▶ [INSTRUCTIONS TO FOLLOW]:
Print the whole listing below exactly as given, pictures excluded.

▶ [DATASET CONTENT]:
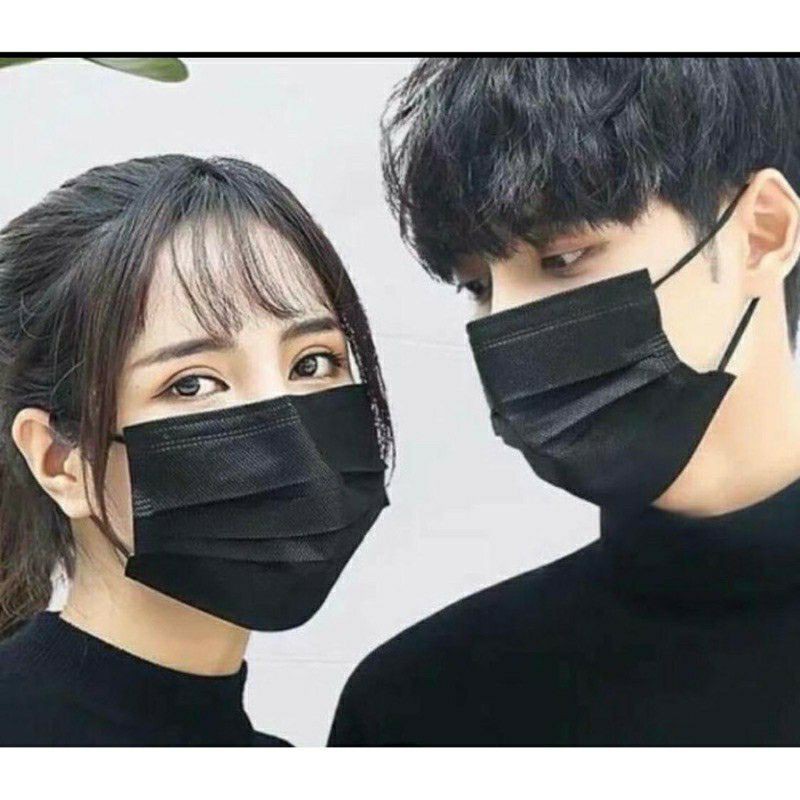 Detail Masker Earloop 3 Ply Alkindo Hitam Disposable Mask Non Hijab isi 50pcs
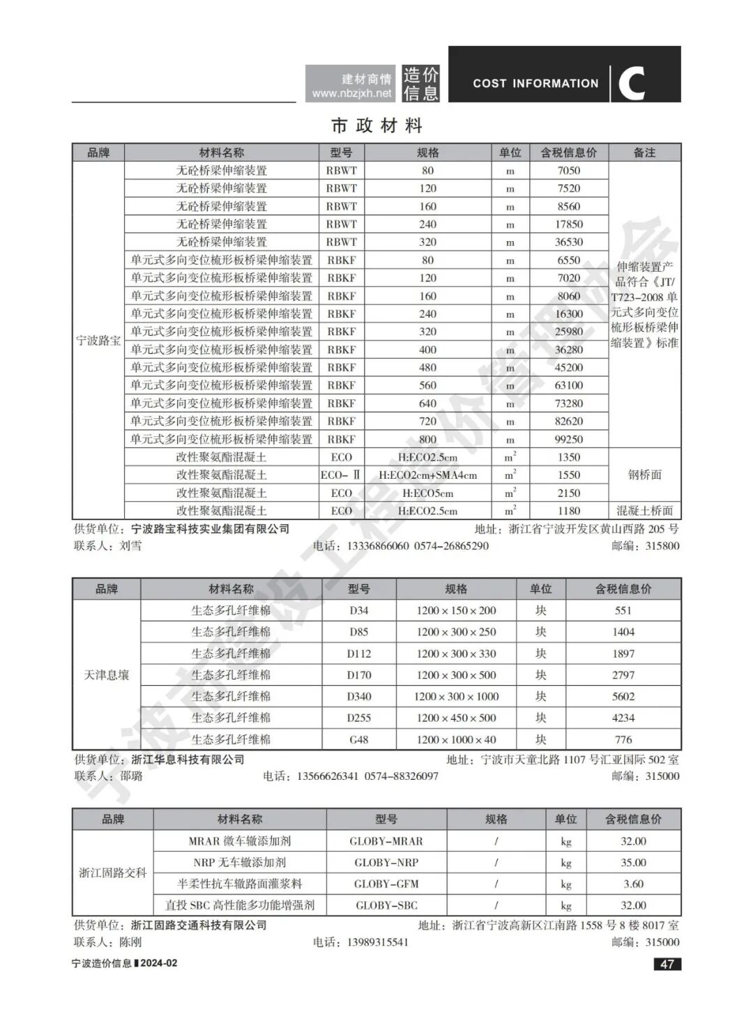 浙江固路交通科技有限公司的最新材料报价已于宁波建设工程造价信息2024年2月刊(总第433期)中公布!
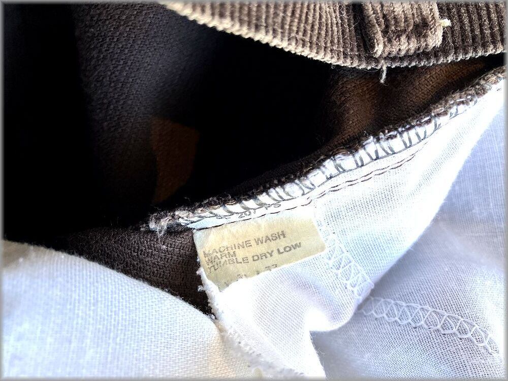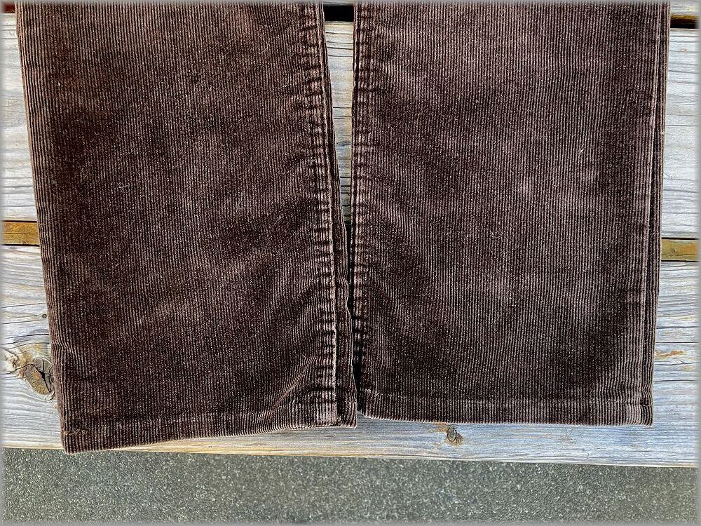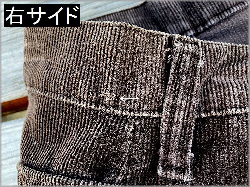 USEDです。ウエスト右側のコーデュロイに画像矢印先の小キズがあります。コーデュロイに少し擦れはありますが、使用感は少なめでコーデュロイはまだしっかりしています。目立つ程の問題はなく全体的にUSEDとしては良好な状態かと思います。店頭ではパンツハンガーにかけていますので、コーデュロイにパンツハンガーの跡があります。(ウォッシュしていけば消えていきます)

▶ [REPLY TO THE EXERCISE]:
 Detail Masker Earloop 3 Ply Alkindo Hitam Disposable Mask Non Hijab isi 50pcs
 浙江固路交通科技有限公司的最新材料报价已于宁波建设工程造价信息2024年2月刊(总第433期)中公布!
 USEDです。ウエスト右側のコーデュロイに画像矢印先の小キズがあります。コーデュロイに少し擦れはありますが、使用感は少なめでコーデュロイはまだしっかりしています。目立つ程の問題はなく全体的にUSEDとしては良好な状態かと思います。店頭ではパンツハンガーにかけていますので、コーデュロイにパンツハンガーの跡があります。(ウォッシュしていけば消えていきます)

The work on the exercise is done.